Meravigliosi bagagli d'epoca dal 1880 al
1930, bauli giganteschi con stampelle e tavolini e seggiolini pieghevoli
all'interno; lettini da campo per esploratori in sahariana à la TinTin;
la scicchissima cassettina degli attrezzi per far cambiare una gomma
all'autista senza involgarirlo; set di valigie fitzgeraldiani, coperti
di etichette di mitologici Grand Hotel dell'epoca e sagomati per entrare
al meglio nelle Bugatti e nelle Isotta Fraschini dei proprietari;
copriruota di scorta che possono essere usati anche come pratiche
cappelliere... praticamente è come dare uno sguardo nei guardaroba e nei
garage del Titanic.
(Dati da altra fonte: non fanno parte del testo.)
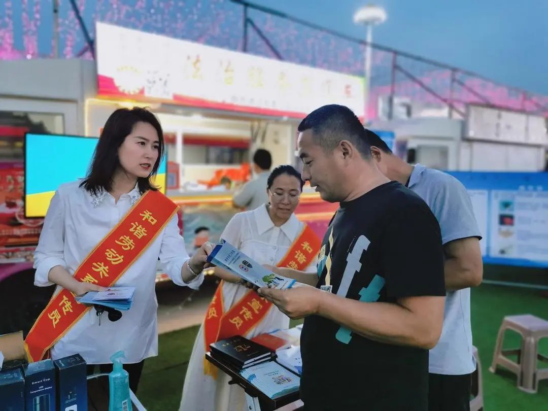8月15日晚7点科尔沁区人力资源和社会保障局联合市局在孝庄河夜市进行普法宣传,宣传《劳动法》《劳动合同法》等法律法规,同时为现场的群众进行解答。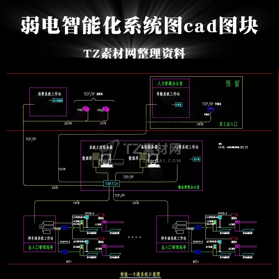 CAD素材-弱电智能化系统图cad图块图库下载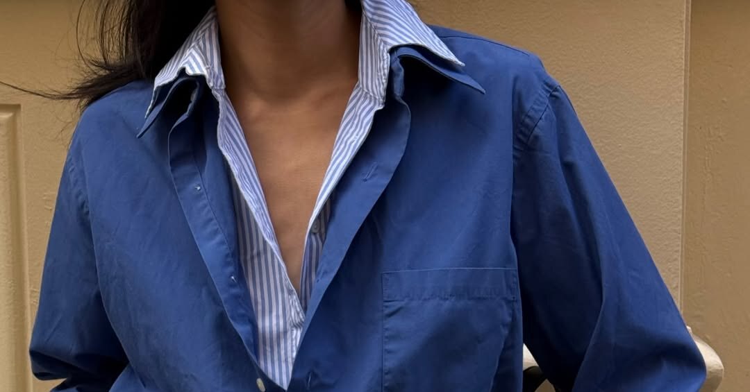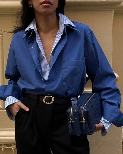 Этот прием уже успел стать классикой. Одна рубашка — в тонкую полоску, вторая — монохромная, например, синяя. Вы можете закатать рукава и поиграть с длиной. Такой дуэт добавляет характер даже самым спокойным вещам. В качестве основы ансамбля подойдут строгие брюки или юбка-карандаш.
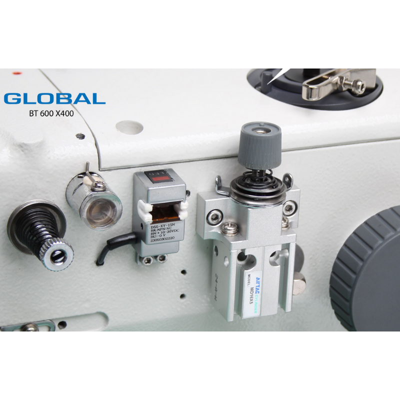 Esta máquina de coser con patrones programables es adecuada para coser materiales medianos / pesados, con un área de costura de 600 x 400 mm. La altura del elevador del prensatelas se puede ajustar mediante un motor paso a paso.
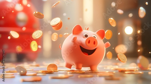 A Smiling Pink Piggy Bank Surrounded by Falling Gold Coins

E poi les commandes spéciales: la scrivania pieghevole di Stokowsky, il porta bambole in raso rosa delle reali principesse Elisabeth e Margaret, il nécessaire
da toilette del maharaja di Jaipur con i flaconcini e le spazzole
firmati Tiffany, il porta ipod di Karl Lagerfeld, la 24ore di Greta
Garbo, tutta una serie di accessori che raccontano un mondo che sembra
impossibile eppure è esistito e che per pochissimi continua ad essere,
ancora oggi, reale.
E fa un po' effetto vedere questo pubblico che a
casa non ha il bagno, che si ammazza di fatica per un salario minimo,
che fino a quindici anni fa ha vissuto in condizioni per noi
inimmaginabili, guardare attonito resti di un passato che già a noi,
figli delle cucine economiche e delle 126 fiat, sembra pura
fantascienza.
Si potrebbero qui fare dei moralismi assortiti sul
passare da una dittatura a un'altra, dai tazebao al monogramma LV, dal plagio ideologico a quello della griffe, dalla
rivoluzione all'ossessione del fintolusso di massa, e sospirare o tempora o mores. Ma la Cina ha la capacità di non farsi imbrigliare nelle previsioni, e dunque c'è speranza, attenti a voi, product manager!